Use the DataLoader by setting its capacity to _n_ (10 in this case) and
providing a batch loader function which accepts the keys and should return
_n_ number of `status` records. The result of which is a single call to
the database to return the `status` elements after number of calls to `Load()`
has hit the set capacity.

Note that the capacity also acts as a _floor_. In instances where _at least_ _n_
calls are known, all _n+1_ calls are executed depending on the
[strategy](#Strategies) used.

Internally, the DataLoader waits for the `Load()` function to be called _n_ times,
where _n_ is the initial DataLoader capacity. The `Load()` function returns a
Thunk, or ThunkMany function, which block when called until the number of calls
to Load equal the loaders capacity. Each call to the returned Thunk function
then returns the values for the keys it is attached to.

## API

#### DataLoader

> DataLoader is the basic interface for the library. It contains a provided
> strategy and cache strategy.

**`NewDataLoader(int, BatchFunction, func(int, BatchFunction) Strategy, ...Option) DataLoader`**

NewDataLoader returns a new instance of a DataLoader tracking to the capacity
provided and using the provided execution and cache strategy. The second argument
should return a strategy which accepts a capacity value and the BatchFunction

**`Load(context.Context, Key) Thunk`**

Returns a Thunk for the specified keys. Internally Load adds the
provided keys to the keys array and returns a callback function which when
called returns the values for the provided keys. Load does not block callers.
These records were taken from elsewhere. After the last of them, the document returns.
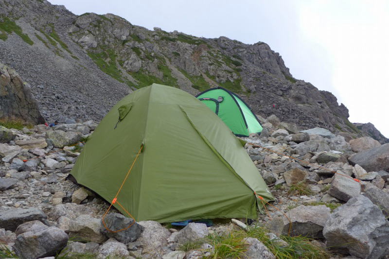 比較的地面が整えられたテント場を確保して、マイホームを設営し、小屋の冷え冷えビールを堪能する。槍の稜線を見上げるとまだ槍の頂上を目指す人が数珠つなぎである。今回も当初から槍ヶ岳のテント場は当てにしていなかったが、殺生ヒュッテもこのように大混雑とは。昨今のテントブームは恐ろしいことになっている。どうぞ、このテント群の中からほんの少しの人でいいから日高山脈のテント場に行ってくれないだろうかな。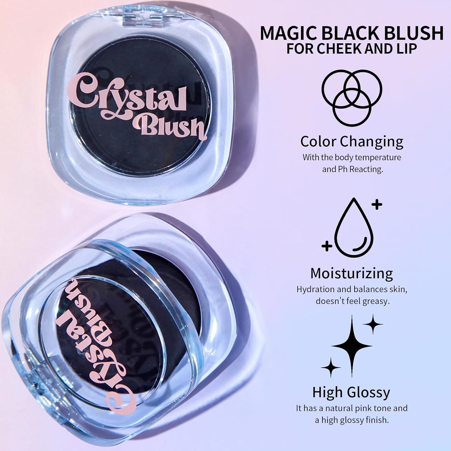 KYDA Black Cream Blush, Color Changing Tint, Magic Black Blush for Cheek & Lip, Natural Pink Glossy Face Blusher, Moisturizing Lightweight, Crystal Make Up Blush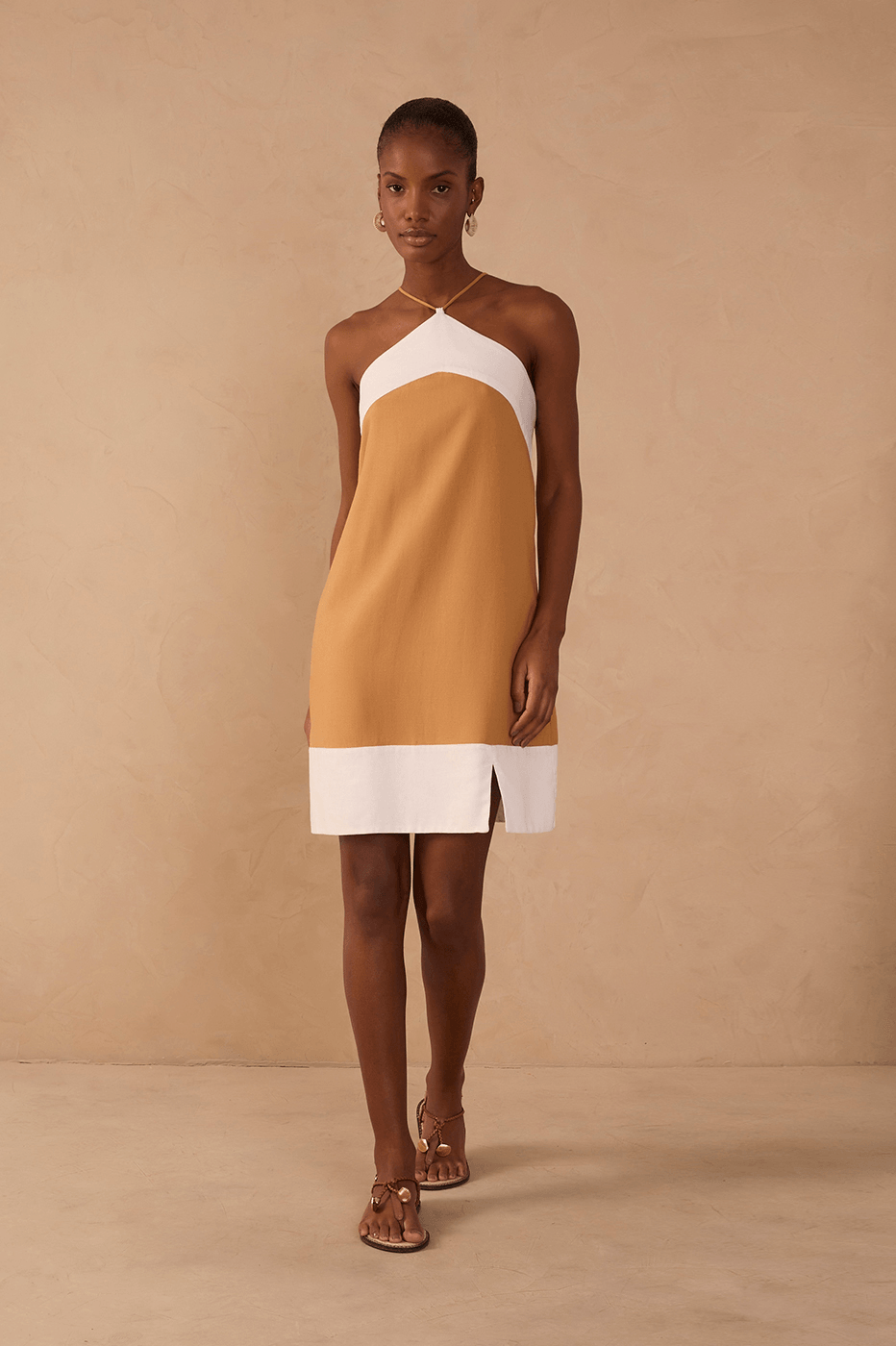 Vestido Curto Linho Bicolor

**`LoadMany(context.Context, ...Key) ThunkMany`**

Returns a ThunkMany for the specified keys. Internally LoadMany adds the
provided keys to the keys array and returns a callback function which when
called returns the values for the provided keys. LoadMany does not block
callers.

The options include:

**`WithCache(Cache) Option`**

WithCache sets the provided cache strategy on the loader

**`WithTracer(Cache) Option`**

WithTracer sets the provided tracer on the loader

#### Strategy

> Strategy is a interface to be used by implementors to hold and track data.

**`Load(context.Context, Key) Thunk`**

Load should return the Thunk function linked to the provided key. Load should
not reference a cache nor should it block.

**`LoadMany(context.Context, ...Key) ThunkMany`**

LoadMany should return a ThunkMany function linked to the provided keys.
LoadMany should not reference a cache nor should it block.

**`LoadNoOp(context.Context) ResultMap`**

LoadNoOp should not block the caller nor return values to the caller. It is
called when a value is retrieved from the cache and it's responsibility is to
increment the internal loads counter.

#### Sozu Strategy

> The sozu strategy batches all calls to the batch function, including _n+1_
> calls. Since the strategy returns a Thunk or ThunkMany, calling Load or
> LoadMany before performing another long running process will allow the batch
> function to run concurrently to any other operations.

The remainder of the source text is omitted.